Cuando en mi casa estoy, rey soy


----------



## user4

A.T.C. said:


> UA, Thanks, and right back at ya. Sorry, I read your post before Slickrick cleaned it up for ya. And thank you for proving my point. I've read alot of your posts, and you seem like a very knowledgeable tradesman who takes pride in his work, like alot of guys I worked along side of in the IBEW. But some of you guys go around picking fights with people, hence my comment about babies. This isn't a school yard. It's supposed to be a professional forum, and quite frankly, professionalism is lacking sometimes. It was a relatively mild comment. Secondly, I'm a professional builder who has studied everything from construction history, to electrical theory, to plumbing science, to timber frame and alternative building practice, greywater harvesting, landslide remediation, masonry, and on and on. I love my trade and the work I do. When I got my contactors license I planned on getting my B, C-10, and C-36. As I studied California State Contractor License Law, I discovered that to do the work I was trained in, I only needed a B license. Not my fault. I don't make state law, but I do have to follow it. Now you guys claiming that a Contractor in California is not a plumber because California has different laws than your state is just pure ignorance. Honestly, I don't care what a bunch of people on an online forum think, but I've taken the time to write this because I do enjoy talking to fellow professionals, and learnig all I can about my chosen profession. If some of you are still unsatisfied, that's too bad. Come Monday morning, I have a job to do, regardless of what people think about my qualifications. Thats pretty much up to the inspectors and my clients. Thanks


You couldn't have spent much time on the plumbing studies if you don't know what code your state uses, or the properties of the materials you claim to be qualified to install, either that or you flunked it but it didn't matter since the state allows you to do the work without approval from the states board of health.

I wonder if it is going to take an epidemic of cholera to convince Taxifornia that they can't let any mouthbreather that can get a GC license to perform any skilled trade they feel they are qualified for.

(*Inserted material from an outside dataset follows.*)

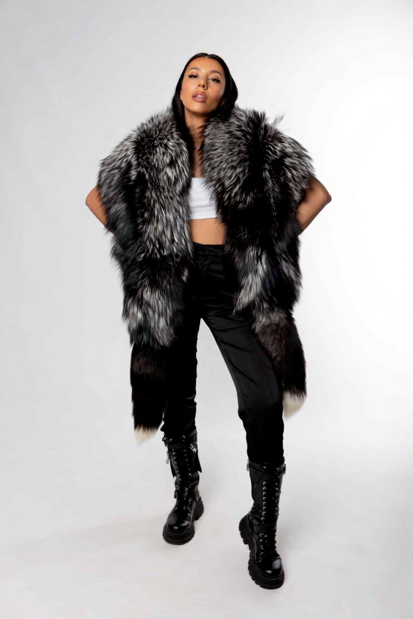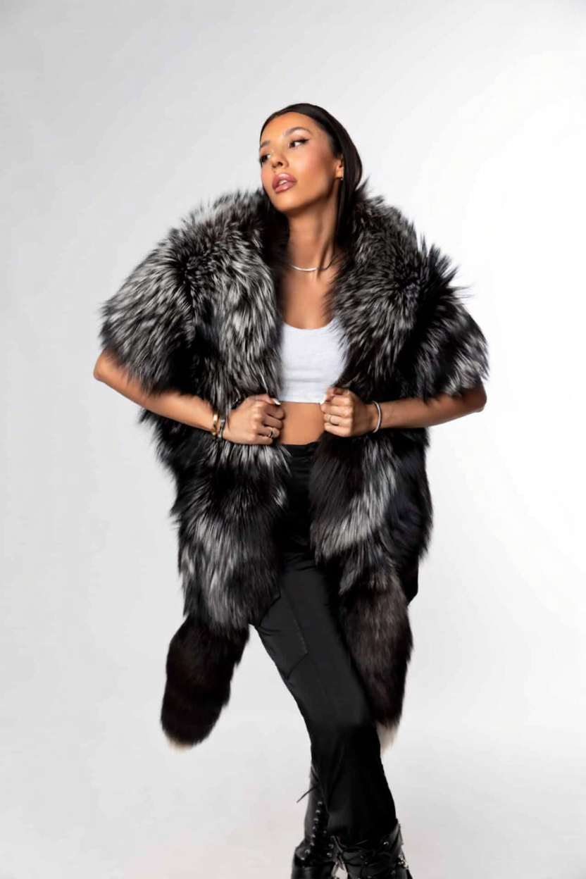 Luxury Classy Silver Fox Fur Cape-Etol With Tails

No wonder it is the most expensive state in the union to live in, everything about it is more screwed up than a soup sandwich.


----------



## SlickRick

I was reading the requirements, and it said any project over $500.00 requires a C36 to be a plumbing contractor in Cali. 100 questions. Heavy duty test.


----------



## U666A

I hereby rescind this post as it no longer reflects my opinion.

Original cussing and "cry baby" attitude apply once more.


----------



## user5848

My state uses the CPC. I stated that in my first post. That would indicate a knowledge of which code is used. The model that it's based on is of secondary importance. Second, I don't know the reason behind everything we do all the time, but I always try to find it. Yes , California has stupid laws. I didn't make them. There are bad plumbers everywhere and good ones, but you can't determine if someone is a good plumber or bad based on the licensing laws of the state they happen to live in.

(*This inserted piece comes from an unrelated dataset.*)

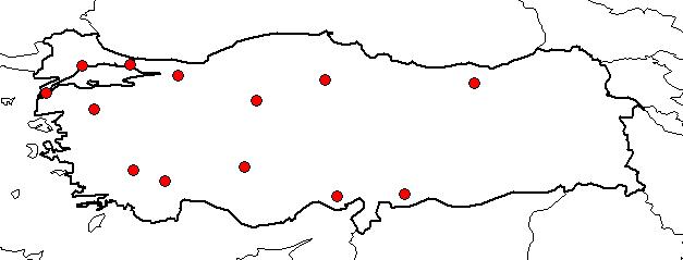 | Based on Vilayets: | ADANA, GAZİANTEP, İSTANBUL, ANKARA, BALIKESİR, BURDUR, ÇANAKKALE, ÇORUM, DENİZLİ, GÜMÜŞHANE, KONYA, SAKARYA, TEKİRDAĞ|
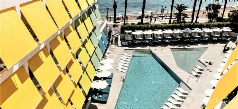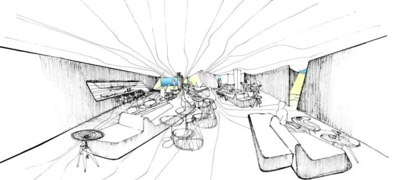 宽敞的室内休息室以抬高的平台为特色,使客人能够在欣赏从滨海广场到室外游泳池和大海的美景的同时,有着放松交流的环境。

Cuando en mi casa estoy, rey soy


----------



## user5848

UA , Thanks. I said some not all behaved like babies. Mr Mod, you are partially correct. In Cali, you must have a contractors license to contract over $500. A General may perform ALL trades except fire sprinkler and well drilling. The job must contain at least 2 unrelated trades. For example, I will also paint on a remodel that I do*, b*ut I can't go bid a strictly painting job unless I also have a Paint & Decorators license*. *Same with Plumbing and Electrical. Crazy? Perhaps. But again, I don't make the rules, but I do have to follow them.













Cuando en mi casa estoy, rey soy


----------



## SlickRick

Crazy, absolutely.

So if a person performed only plumbing, they would have to have the C36.


----------



## user5848

Yes, thats correct.













Cuando en mi casa estoy, rey soy


----------



## user4

A.T.C. said:


> There are bad plumbers everywhere and good ones,


And there are GC's that think they can call themselves plumbers because they read a book on how to commit plumbing and the state considers that a qualification. And code can speak volumes about your qualifications as a plumber, or lack thereof.

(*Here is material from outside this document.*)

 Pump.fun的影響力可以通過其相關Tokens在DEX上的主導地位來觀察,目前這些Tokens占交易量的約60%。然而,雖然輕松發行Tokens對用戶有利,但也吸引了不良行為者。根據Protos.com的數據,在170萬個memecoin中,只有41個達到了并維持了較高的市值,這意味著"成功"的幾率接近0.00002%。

The guys on this forum that have studied the craft to become educated in the trade can work anywhere with a few adjustments, you don't even know the properties and limitations of the stuff you install on a regular basis, let alone the basic properties of materials you don't use.

ABS isn't allowed in the state I live in, but I know it's properties, applications,and limitations anyway, because it is a material used in the trade.


----------



## user5848

Killer, you may or may not be a good plumber. I may or may not be a good plumber. But you have no idea, because we've never been on the same job before. You assume that because I have a "B" license and not a "C-36" that therefore I just read a book or two about plumbing and am now taking food out of your kids mouth. Well, if that's what makes you feel good about yourself, great. Good for you. Nice chatting.













Cuando estoy en mi casa. rey soy


----------



## user4

A.T.C. said:


> Killer, you may or may not be a good plumber. I may or may not be a good plumber. But you have no idea, because we've never been on the same job before. You assume that because I have a "B" license and not a "C-36" that therefore I just read a book or two about plumbing and am now taking food out of your kids mouth. Well, if that's what makes you feel good about yourself, great. Good for you. Nice chatting.


I have no idea what you are talking about when you start stating Taxifornia licenses that are completely worthless anywhere else in this country. I have little faith in the skills of anyone that has to ask in a public forum how to interpret their own states code, and not know what the code is based on. The fact that you can't comprehend the limitations of the products you are installing merely compound my disdain for your qualifications to perform the plumbing trade, and I pity the communities that allow you to put their population at risk.

But please keep thinking you are qualified to call yourself a plumber, the rest of the membership will enjoy getting a chuckle out of it every time you do.


----------



## user5848

I didn't ask anyone how to interpret the CPC. And maybe it hasn't yet occurred to you, but I couldn't give a flying rats a$$ about your "disdain for my qualifications". The only thing I can figure out is you must be some hillbilly from the midwest who doesn't like "them ther' kalifernians". Pero a mi no me preocupo porque en poco tiempo california va a ser nuesto pais otra ves.













Cuando en mi casa estoy, rey soy


----------



## user4

A.T.C. said:


> I didn't ask anyone how to interpret the CPC.


The initial post in this thread was asking for that, specifically.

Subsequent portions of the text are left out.